Modifications to embodiments of the present disclosure described in the foregoing are possible without departing from the scope of the present disclosure as defined by the accompanying claims. Expressions such as “including”, “comprising”, “incorporating”, “have”, “is” used to describe, and claim the present disclosure are intended to be construed in a non-exclusive manner, namely allowing for items, components or elements not explicitly described also to be present. Reference to the singular is also to be construed to relate to the plural. The word “exemplary” is used herein to mean “serving as an example, instance or illustration”. Any embodiment described as “exemplary” is not necessarily to be construed as preferred or advantageous over other embodiments and/or to exclude the incorporation of features from other embodiments. The word “optionally” is used herein to mean “is provided in some embodiments and not provided in other embodiments”. It is appreciated that certain features of the present disclosure, which are, for clarity, described in the context of separate embodiments, may also be provided in combination in a single embodiment. Conversely, various features of the present disclosure, which are, for brevity, described in the context of a single embodiment, may also be provided separately or in any suitable combination or as suitable in any other described embodiment of the disclosure.
1. A system for recognizing vertically oriented alphanumeric text in images, the system comprising:
a processor configured to:
receive one or more images comprising vertically oriented alphanumeric text with respect to a ground plane;
detect one or more regions-of-interest in each image of the one or more images, via a trained text detector, the one or more regions-of-interest comprising the vertically oriented alphanumeric text;
execute a cropping of the detected one or more regions-of-interest encompassing corresponding vertically oriented alphanumeric text from each image of the one or more images to obtain one or more text crop portions;
rotate the one or more text crop portions by 90 degrees to obtain one or more orthogonally rotated text crop portions;
execute a trained ensemble of two different text recognition models on each of the obtained one or more text crop portions and the one or more orthogonally rotated text crop portions;
generate a set of candidate recognized text strings based on the executed trained ensemble of two different text recognition models; and
determine a final recognized text string from the generated set of candidate recognized text strings based on a defined camera based parameter and a text-character frequency parameter.
2. The system of claim 1, wherein the defined camera based parameter is indicative of a number of camera views from which the detected region-of-interest is captured, and wherein a candidate recognized text string from the generated set of candidate recognized text strings identified in the same detected region-of-interest by two or more cameras is given a higher priority.

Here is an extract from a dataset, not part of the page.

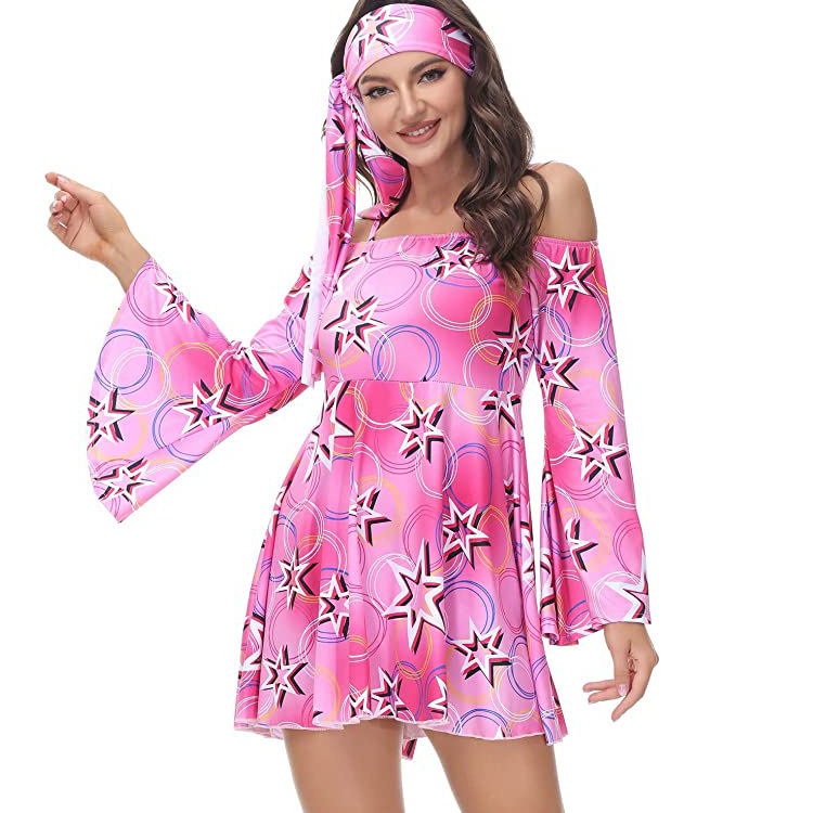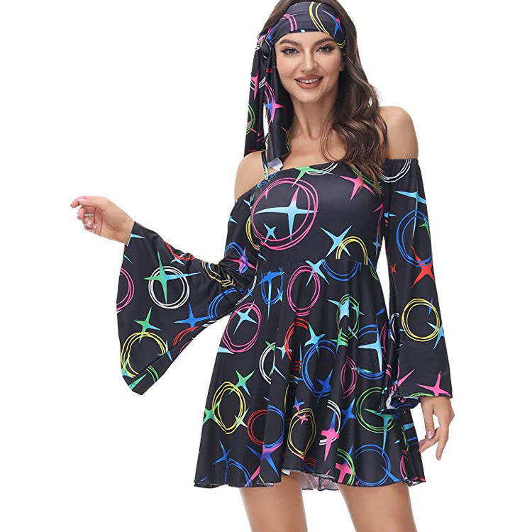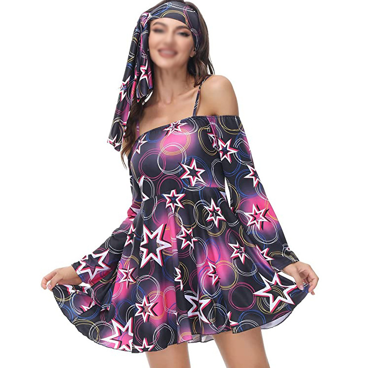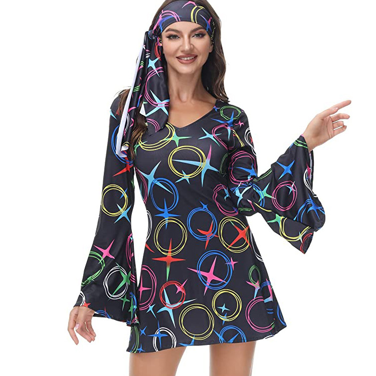 Главная страница > Новое платье с принтом в стиле хиппи-диско 70-х годов для женщин, осенняя коллекция Amazon 2024, кросс-бордер

3. The system of claim 1, wherein the text-character frequency parameter comprises, for each candidate text string, a count of how frequently the text string is output by the trained ensemble across the one or more images.
4. The system of claim 1, wherein the trained ensemble of two different text recognition models comprises a first text recognition model trained on a first training dataset comprising a plurality of vertically oriented synthetic and real-world alphanumeric text samples.
5. The system of claim 1, wherein the trained ensemble of two different text recognition models comprises a second text recognition model trained on a second training dataset comprising a plurality of rotated vertically oriented synthetic and real-world alphanumeric text samples.
6. The system of claim 1, wherein the final recognized text string is identified as a vehicle trailer number based on matching a predefined character format and set.
7. The system of claim 6, wherein the processor is further configured to: query a database using the identified vehicle trailer number to retrieve associated shipment information; and trigger one or more supply chain management workflows based on the retrieved shipment information.
8. The system of claim 1, wherein the processor is configured to train the trained text detector using a third training dataset generated by overlaying alphanumeric characters on backgrounds scraped from various trailers and applying realistic font styles commonly found in a trucking industry.
9. The system of claim 8, wherein the generated third training dataset further comprises synthetic images generated by: sampling background images from the real images of vehicle trailers; rendering vertically oriented text strings onto the sampled background images using fonts commonly found on vehicle trailers; and applying one or more data augmentation techniques to the rendered text strings.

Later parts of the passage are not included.